Generally right now will be mirroring JSON-RPC with a different encoding, but in the future we will send some optimized payloads for a subset of replies which are constructed out of things like CompletionItem directly (so bypassing the JSON step).

I believe that your patch (https://reviews.llvm.org/D49389) is implementing the JSON-RPC with a choice of encoding, which will work for us right now, and it doesn't look like we will have problems optimizing our payloads later when we choose to do so.
However, the second option that you proposed does sound quite compelling as well (i.e. then we should probably have the feature code express replies as protocol structs), as it would give us more flexibility. However, I think it's orthogonal to the first option (JSON-RPC with a choice of encoding), so maybe we can leave it as something that will be on the table if we need it later? I think for the transport layer idea you proposed in https://reviews.llvm.org/D49389 makes sense and will work for us, and in the future we always can implement the second option that your proposed on top of of your patch, or use a simpler way to optimize our payloads without much disruption.

Thanks,
Alex

Sam, just out of curiosity - would it be possible for you to share any relevant experience gained by using porting clangd to protobuf-based transport layer?

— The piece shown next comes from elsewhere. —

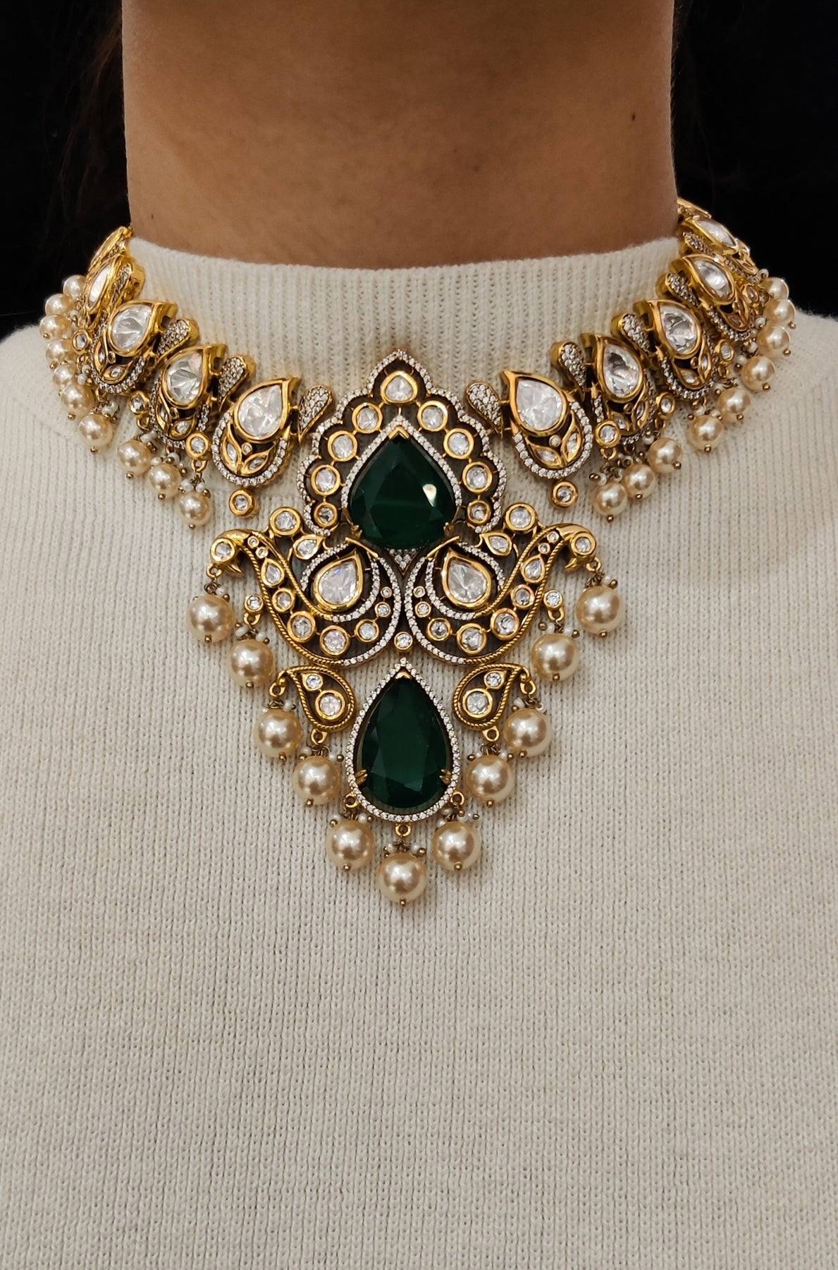 Necklace Design: Emerald green teardrop centerpiece with kundan work & pearl hangings

Hi Sam, we discussed a bit more with Alex offline. Ultimately we don't mind using JSON as part of the generic interface but we'd like to optimize specific cases in the future (thinking only about code completion so far) which might need to "work-around" the abstraction. What is your opinion about this - does it ruin the whole point of having the abstraction or do you consider pragmatic to have abstraction covering most of the functionality with maybe couple exceptions? I kind of assume (please correct me if I am wrong) that you might have done something similar with profobuf interface so we're definitely happy to discuss.

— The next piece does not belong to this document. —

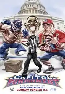 As WWE's June 2011 pay-per-view (PPV) event, which featured wrestlers from the Raw and SmackDown brands, Capitol Punishment replaced the 2010 Fatal 4-Way themed event. Promotion towards for Capitol Punishment was centered around the setting for the PPV, that being the United States capital, Washington, D.C., held at the city's Verizon Center on June 19, 2011.[3][4] WWE produced a video to promote the event using actual press footage of President Barack Obama spliced and edited with footage that WWE recorded using actors. The video was intended to show Obama answering questions about Capitol Punishment in a press conference.[5] First airing on May 22 at Over the Limit, WWE received criticism for the video. To avoid legal complications with the U.S. government, WWE added a disclaimer at the start of the video for future airings. This included spelling out their acronym as "World Wrestling Entertainment",[6] a name they ceased using earlier in the year, in which "WWE" became an orphaned initialism.[7]
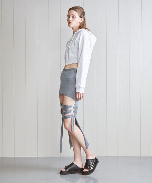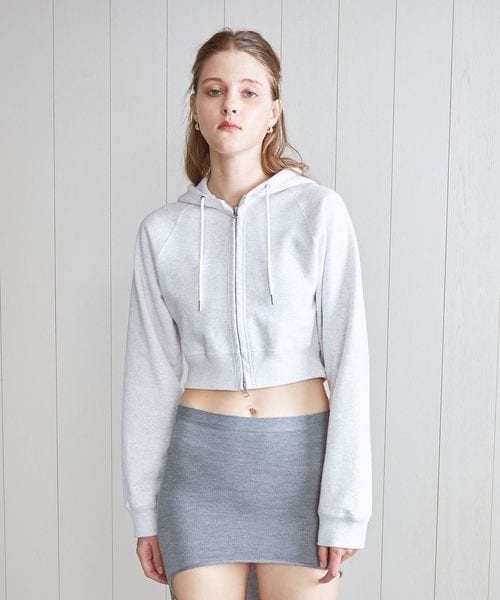 ベアトップのインナーを合わせたヘルシーな着こなしや、ダブルファスナーの下側を開けたアレンジも楽しめます。

BTW Just for the record - I put the rebased & updated patch here: [clangd] XPC WIP https://reviews.llvm.org/D49548

Sorry for the delay here, and I'm sorry I haven't been into the patches in detail again yet - crazy week. After experiments, I am convinced the Transport abstraction patch can turn into something nice if we want XPC vs JSON to be a pure transport-level difference with the same semantics. But you need to decide the approach here based on your requirements.

Sam, just out of curiosity - would it be possible for you to share any relevant experience gained by using porting clangd to protobuf-based transport layer?

Sure! (and sorry for the delay here).

This is done as part of an internal-only editor that's a hosted web application with tight integration to our internal source control, build system etc.
That's not my immediate team, but we talk a lot and collaborate on the integration, which is different than a typical LSP server/editor integration in a few ways.
(I expect some of these aspects will apply to XCode+clangd, and others won't). This is kind of a brain dump...

  • like a regular LSP client, the editor wants to run clangd out-of-process for isolation reasons, and because of cross-language issues. Because of our hosted datacenter environment, a network RPC server was the most obvious choice, and protobufs are our lingua franca for such servers. This sounds analagous to the choice of XPC to me.
  • the editor is multi-language, so the idea of using the existing LSP is appealing (reuse servers, we can't rewrite the world).
  • adapting to protobuf is some work (write a wrapper for each LSP server). In principle a generic one is possible, but not for us due to VFS needs etc.
  • you can wrap at the LSP level (CompletionList -> CompletionListProto) or at the transport level (json::Value --> JsonValueProto). Editor team team went for the former.
  • consuming clangd as a C++ API rather than as an external process or opaque JSON stream, gives lots more flexibility, and we can add extension points relatively easily. Robust VFS support, performance tracing, logging, different threading model are examples of this outside the scope of LSP. The internal code uses unmodified upstream clangd code, but provides its own main().
  • Inside the scope of LSP, changes are tempting too due to LSP limitations. Since the editor team controls the protocol and the frontend, they can add features. This is a source of tension: we (clangd folks) don't want to support two divergent APIs. So in limited cases we added to clangd a richer/more semantic C++ API that provides extra features over more-presentational LSP. Best examples are diagnostics (C++ API includes fixits and 'note' stack, before LSP supported these), and code completion (C++ API includes semantic things like "name of include to insert"). We've tried to keep this limited to what's both valuable and sensible.
  • adding LSP extensions to the *protocol* causes skew across languages. So the divergences at that level tend to be more presentational (e.g. "completion item documentation subtitle"). The clangd-wrapper decides how to map the semantic Clangd C++ API fields onto the presentational mutant-LSP fields, in the same way that regular clangd decides how to map them onto regular LSP.
  • it's annoying that the issues you run into with this setup need to be carefully dissected (editor vs wrapper vs clangd) to work out where the bug belongs. Compare to "plain" clangd where you can just check with a different editor and then know the bug is in clangd.

In summary:

  • speaking a different wire protocol that's semantically identical to LSP is an easy win
  • owning a separate main() so you can plug in cross-cutting facilities (logging, tracing, index) is very manageable and worthwhile
  • maintaining a separate protocol is a bunch more work and decisions all the time, even if divergences from LSP are small. It *is* more flexible though.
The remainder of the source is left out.